The self-hater does not desire attention for the sake of it but simply cannot glue their sense of self together without referencing it to others. No input = disintegration. They do not desire negative attention, but simply cannot tolerate none at all.
I think your point is worth considering. It ameliorates any tendency, the way I described it, to easily sliding into the notion there is something inherent in our natures that has a natural attraction to evil. Still, while in full support of the notion that a state of evil is not a natural human condition, (we are not actually guilty of some say original sin which is a metaphor}, I there is something I will want to add to this:
I believe we are drawn to 'evil' like a moth to a flame and the reasons are complicated and paradoxical and also explain why we can easily be described as loving negative attention and as a part of our sick state. Rather that try to describe this as an intellectual broad spectrum theory, describe it abstractly with words, let me first give some example I will make up to try to describe it in a specific case:
Off the top of my head: Suppose a child breaks his mother's favorite vase and receives a sever breathing with a round of the appropriate (inappropriate) put downs. You stupid fool, you clumsy ox, you disrespectful monster, how many times have I told you to be careful, not to play in my room,etc. Why can't you be good like other kids.
How does a child recover his or her self respect? The source of its loss was in the traumatic event. The only way to heal is to go back to it with the hope of being forgiven. (Naturally the real way to heal will be to go back and understand that in everybody's life things are going to break, that the Mother, in attaching her self worth to the possession of an object, actually, and in reality, may have really valued her child more than the vase, hopefully. To go back properly will only require that the person get in touch with their feelings, that they feel worthless in part over the breaking of a vase. In that way one can experience the event and feel the effects it had but also bring to it an adult perspective. For example, "I have lived my life suffering over a fucking broken vase that cost a buck three eighty at Joe's Vase Emporium.

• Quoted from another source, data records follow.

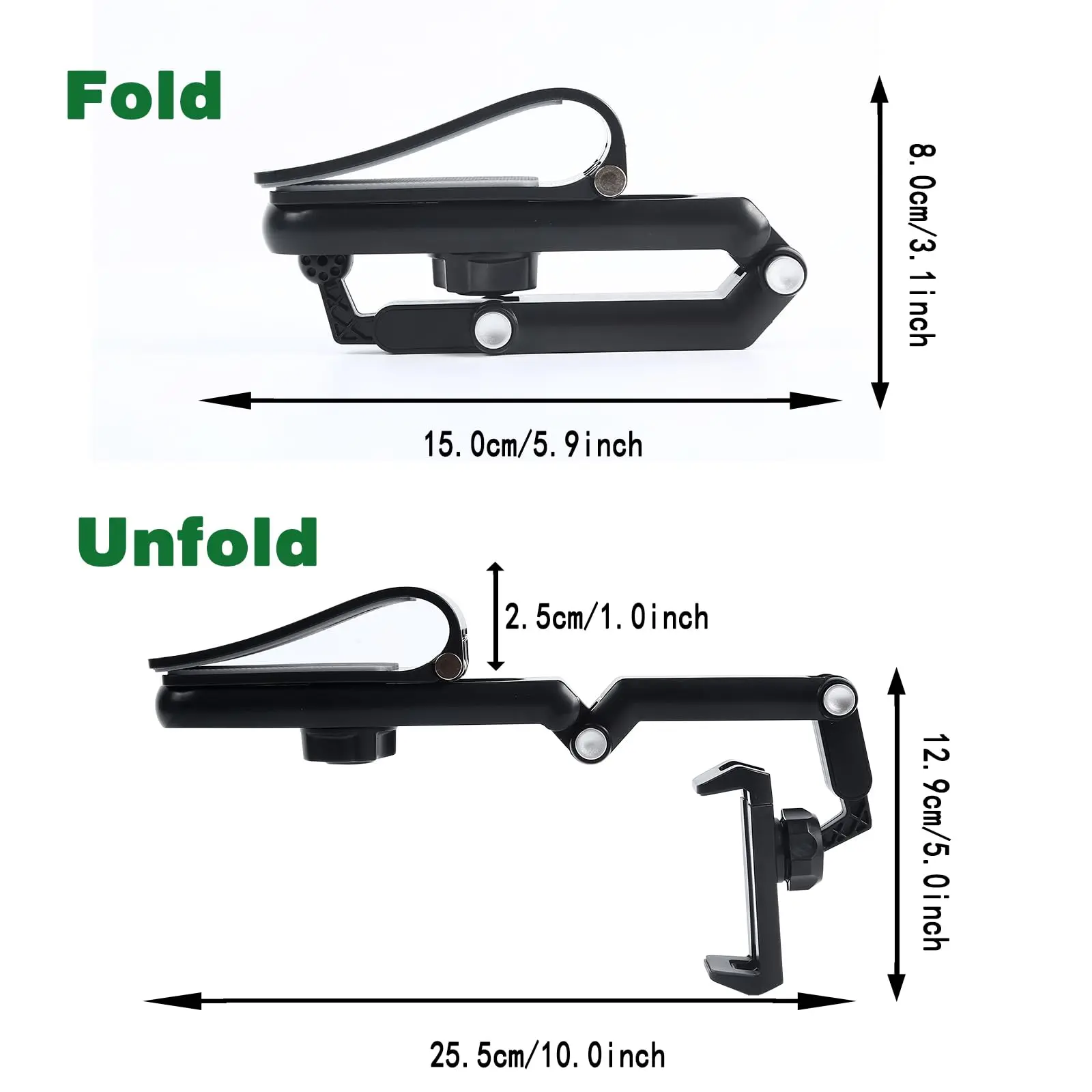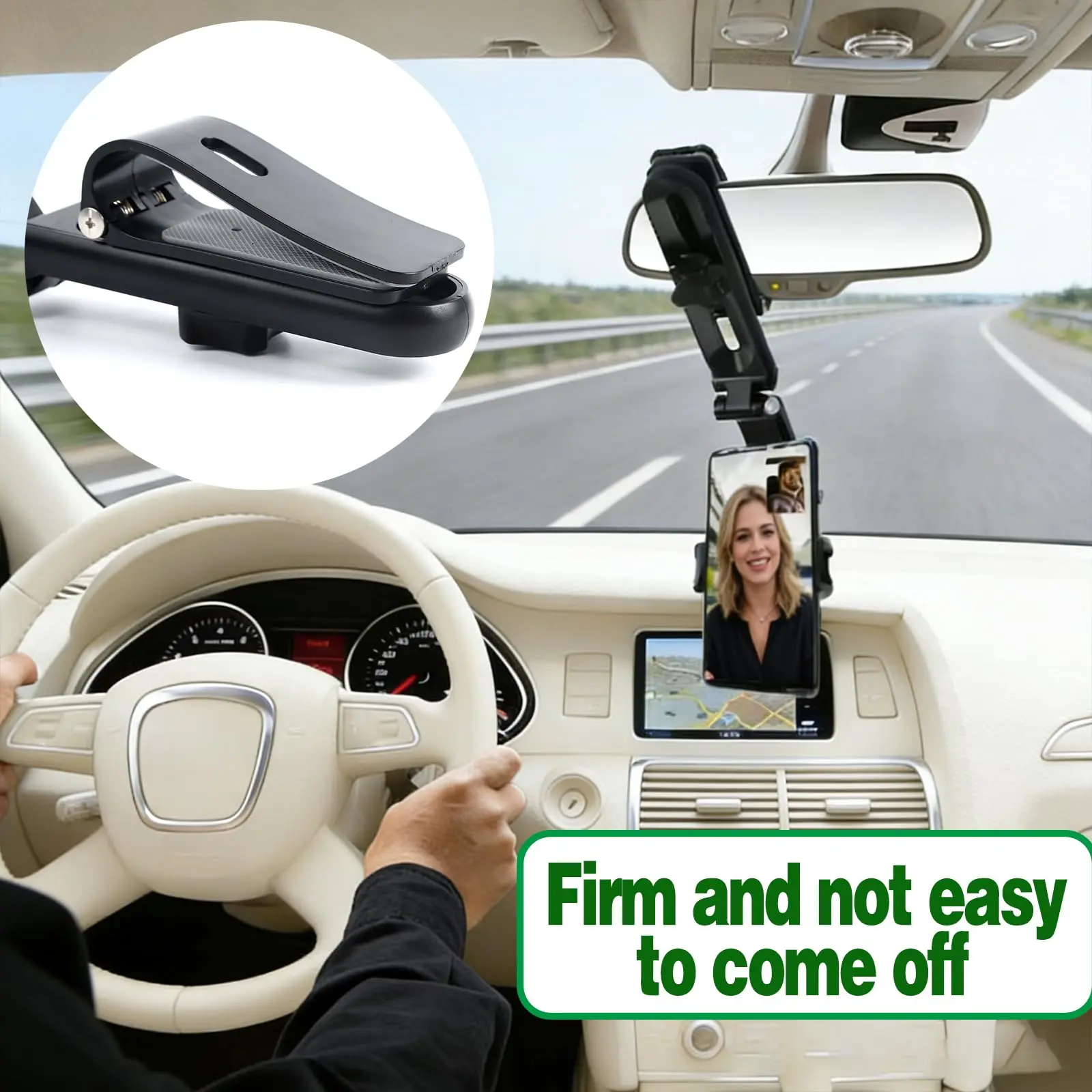 [High Flexibility]:the Sun Visor Phone Holder contains a 360° rotating ball joint and an adjustable telescopic arm. Conveniently to adjust your phone to any angle without blocking your sight—whether mounted on the visor, rearview mirror, or dashboard. This car sun visor phone holder helps you maintain focus on the road for a safer, more comfortable driving
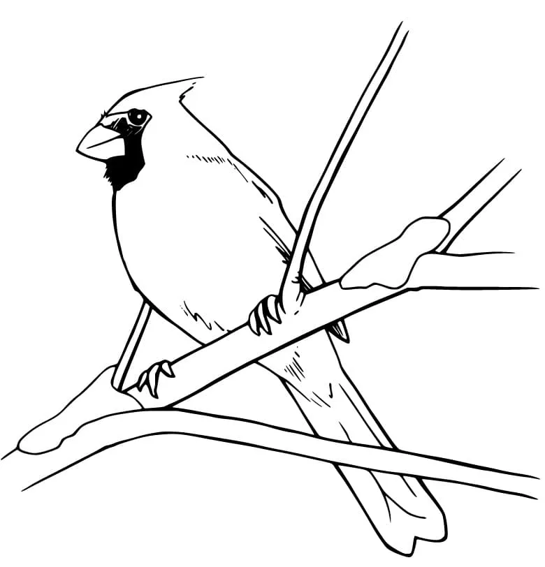 : Druckbar herunterladen Kardinalvogel auf einem Baum Malvorlage
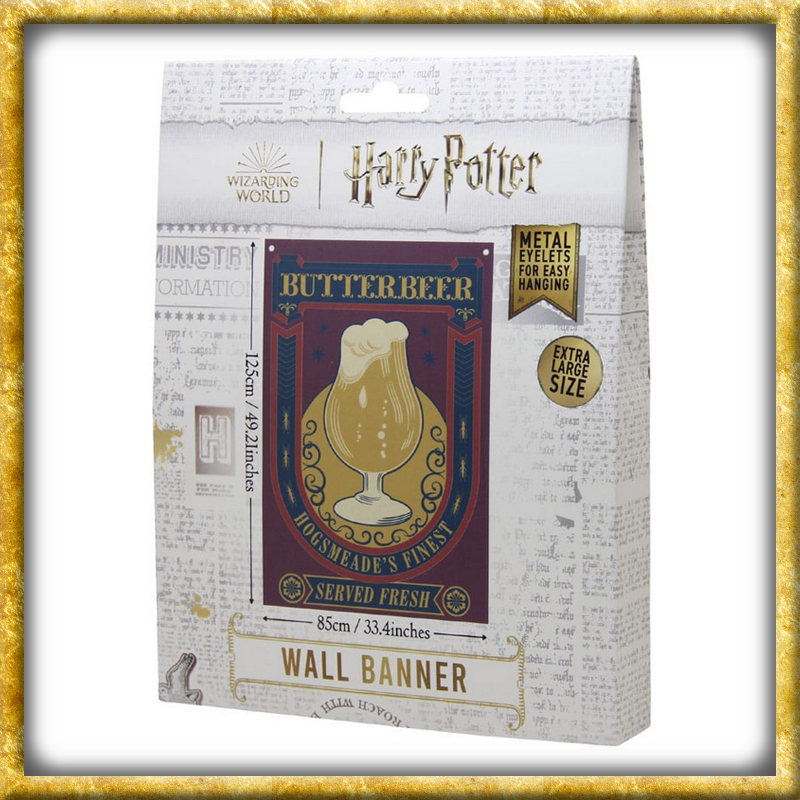 Frisch serviert... macht Euch auf den Weg nach Hogsmeade für einen köstlichen Becher Butterbier! Jedes offiziell lizenzierte Harry Potter-Wandbanner hat eine Grösse von 125 x 85cm und verfügt über Metallösen zum einfachen Aufhängen, wodurch es ideal ist, um Euren Raum zu personalisieren.
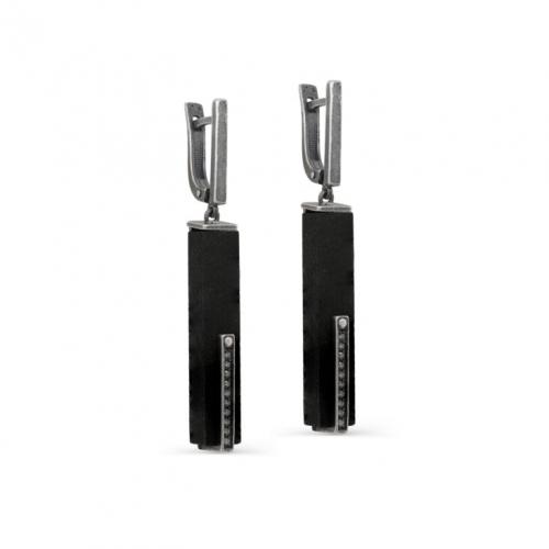 Эффектные длинные серьги из серебра 925 пробы с черным деревом граб и сияющими фианитами
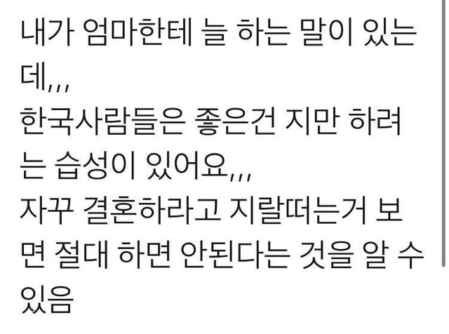 오죽하면 "인생은 태어나서 관에 들어가기까지의 과정인데, 결혼은 관에 못을 박는 행위다"라고 표현합니다.
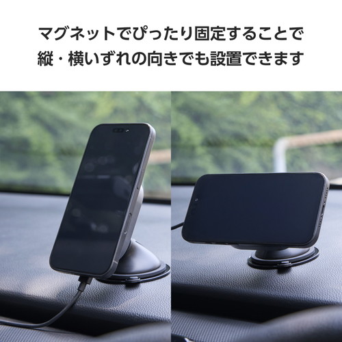 ●マグネットでスマートフォンをぴったり固定することで縦・横いずれの向きでも設置でき、スマートフォンのナビを使いながら充電できます。
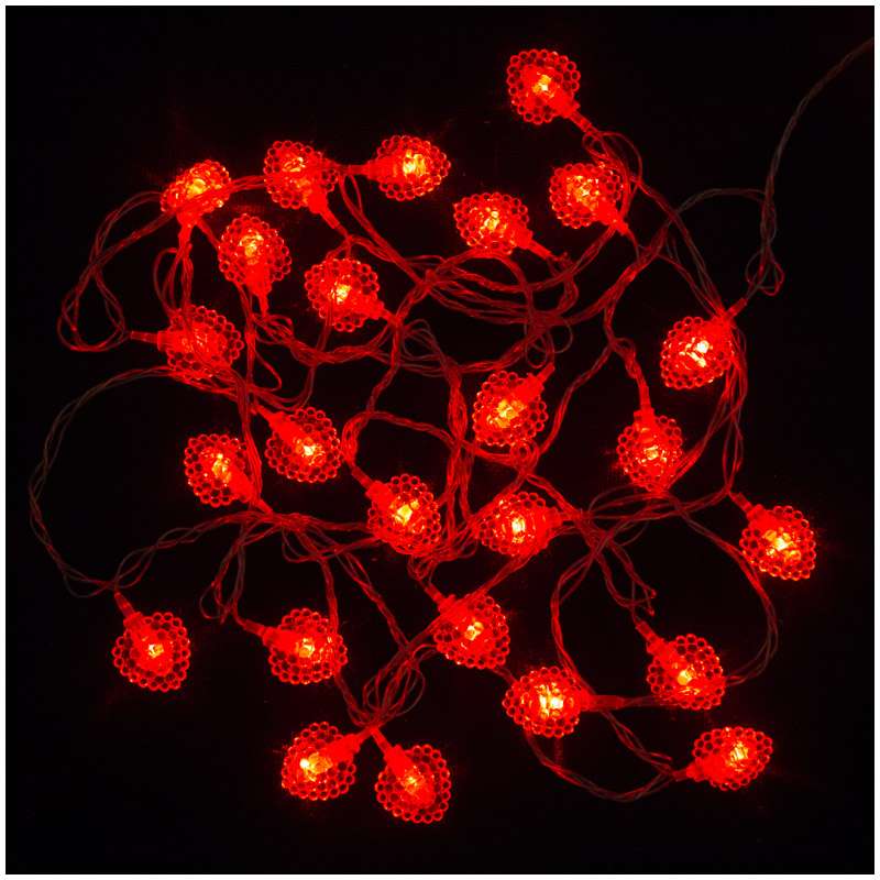 Заключительный штрих на любую ель - это электрическая гирлянда. 8 разных режимов помогут выбрать наилучший вариант освещения. Форма фонарика придаст правильное настроение интерьру !Электрогирлянда светодиодная Яркий праздник "Сердце", 30 ламп, красный, 1 режим, 4,5м
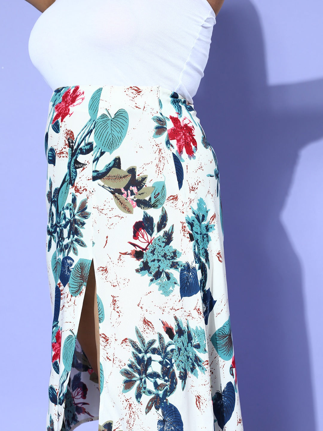 Berrylush Women Plus Size White & Green Tropical Printed Thigh-High Slit Flared A-Line Midi Skirt
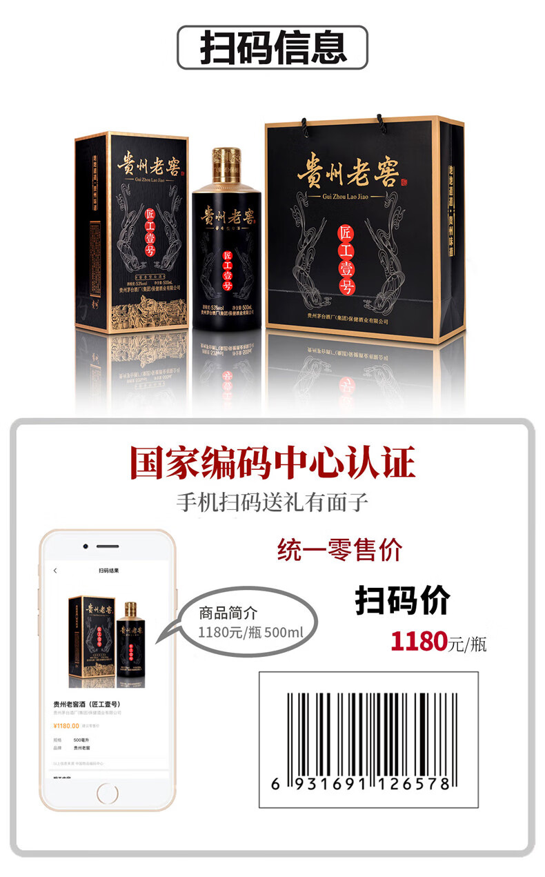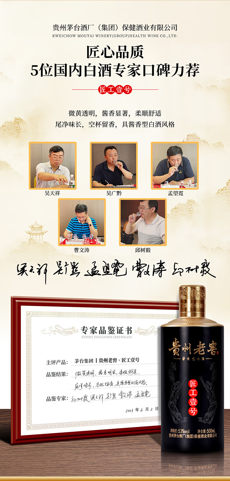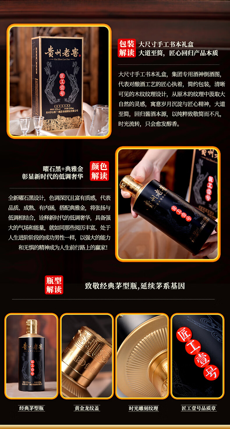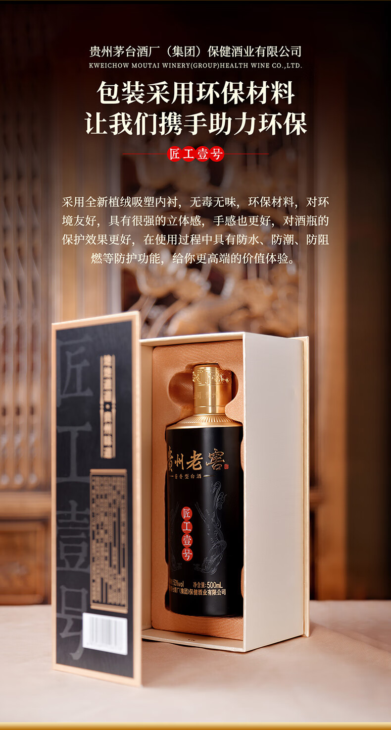 茅台(MOUTAI)贵州老窖 匠工壹号 2023款 53度 酱香型白酒 节日送礼纯粮酒 500ml*6瓶 整箱
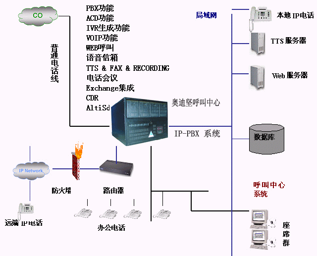 選用美國奧迪堅AltiGen一體化的硬件和系統(tǒng)軟件的平臺AltiServ。AltiServ是整個系統(tǒng)的心臟,是系統(tǒng)一切功能的基礎(chǔ)。因此,客戶服務(wù)中心的系統(tǒng)平臺最好是專用的或以客戶服務(wù)中心作為主要服務(wù)對象,以增加客戶服務(wù)的定制功能和減少其他因素對客戶服務(wù)中心的影響。美國奧迪堅AltiGen高度一體化的呼叫中心平臺AltiServ系統(tǒng),(AltiServ是奧迪堅一體化的硬件和系統(tǒng)軟件的平臺),它為系統(tǒng)提供了強(qiáng)大的交換功能,同時還集成了多種服務(wù)器功能。由于采用自己特有的交換系統(tǒng),使得系統(tǒng)的穩(wěn)定性更好,系統(tǒng)實(shí)現(xiàn)了電信級的穩(wěn)定性。
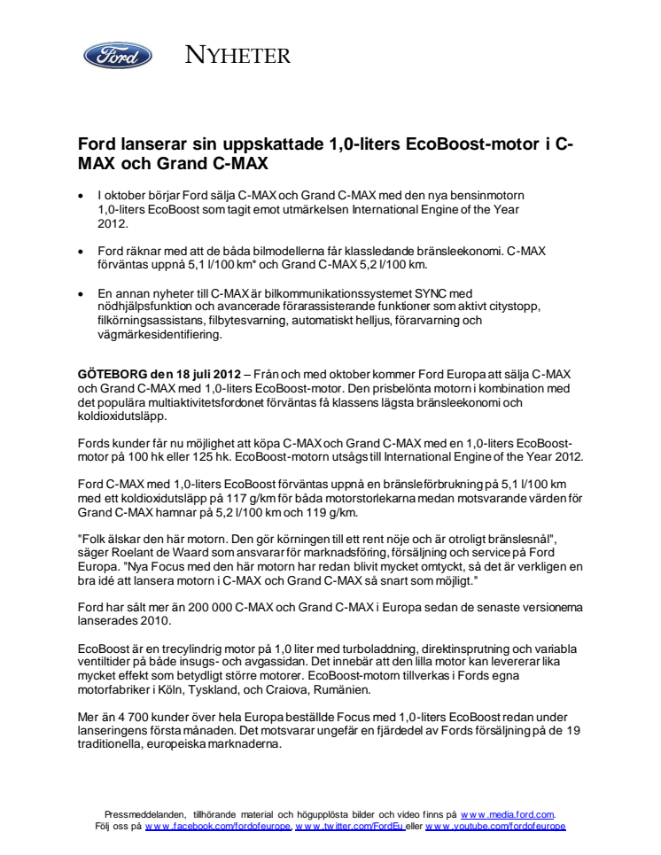 Göteborg den 18 juli 2012 – Från och med oktober kommer Ford Europa att sälja C-MAX och Grand C-MAX med 1,0-liters EcoBoost-motor. Den prisbelönta motorn i kombination med det populära multiaktivitetsfordonet förväntas få klassens lägsta bränsleekonomi och koldioxidutsläpp.
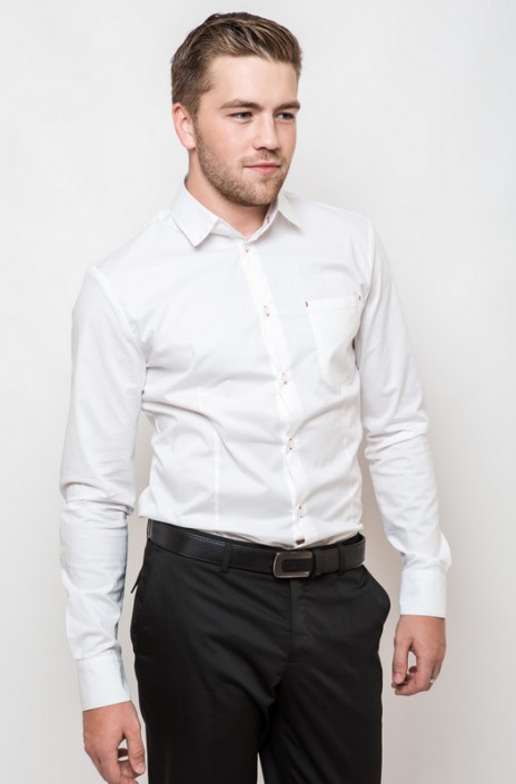 Классная классика, это не тавтологизм. Это приталенная рубашка из хлопка насыщенного шоколадного цвета. Декоративная отстрочка петелек и кармана в оранжевом контрасте. Модель, подчеркивающая достоинства фигуры и придающая уверенность.
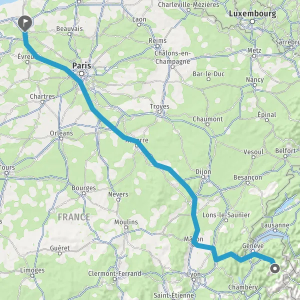 A40ClusesGenèveAnnecyThonon-les-BainsEvian-les-BainsLyonParis
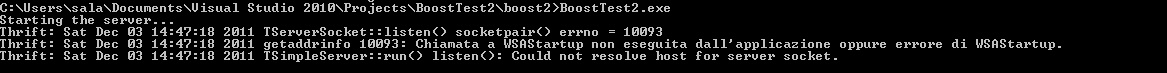6)我在MSVC++ 10中创建了一个新项目,即链接boost和节俭库&源代码,在生成之前,我将main.cpp dir (以前使用*.skeleton.cpp编译器生成,并删除*.skeleton.cpp文件)移到项目中,这作为main.cpp并成功地编译了它。
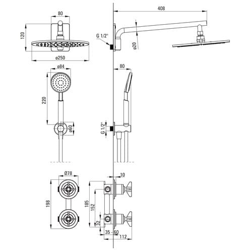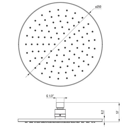 - deszczownica okrągła o średnicy 25 cm, 1-funkcyjna z systemem anti-calc wykonana z mosiądzu
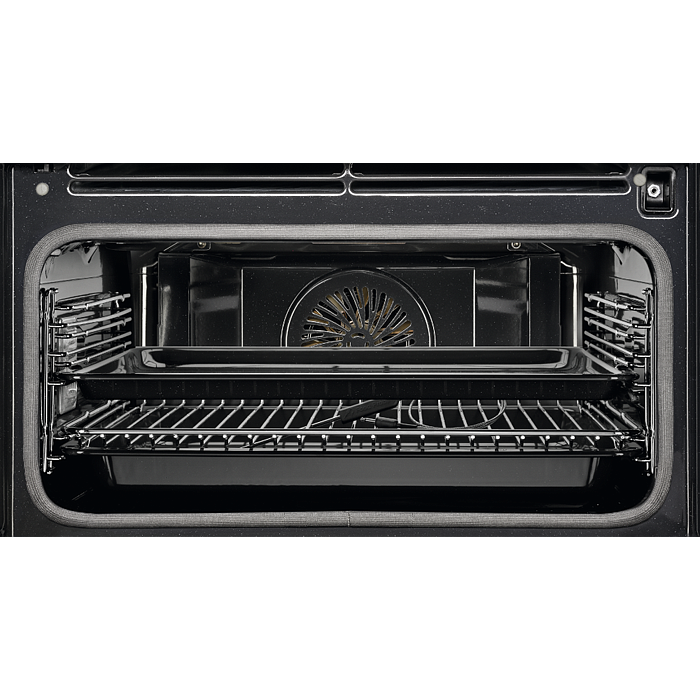 Некоторые модели электрических духовых шкафов оснащены кольцевым электронагревателем. Он установлен на задней стенке рабочей камеры. За ним находится вентилятор, который заставляет жар активно циркулировать внутри и равномерно распределяться на каждом уровне. Поэтому данный режим нагрева идеален для приготовления нескольких блюд одновременно.

But absent that, how does a person heal: What are the unconscious effects of such a trauma:
Mental health, the freedom from the scourge of being the worlds most worthless vase breaking child lies on the other side time wise of when the vase was broken, the time when the child did not carry that grief, and it is for that time, really that state of innocence, that the person seeks. And there are numerous ways to do this. One way would be to murder women who beat up children. That might be the path a very small number take for whom a vase is just one in an endless chain of similar abuses. Another perhaps would be to become a klutz, to have one accident after another to stay close to the place and time of freedom. This would be an example of being drawn like a magnet to receive negative attention. It isn't the attention that is sought or drives the action but the unconscious knowledge that ones prison door closed in such a place and can only open there. We called this backing into our traumas, the wrong way to do it. It is why humanity as a whole seeks to get near its self destruction without becoming aware of the real pain. So maybe, rather than saying we love negative attention, we should say we are unconsciously driven to it because we want to be whole again without going through the work and the pain required and in ignorance of our real situation. I spoke in the common language of how we love our addictions and compulsions because we would love to be whole again.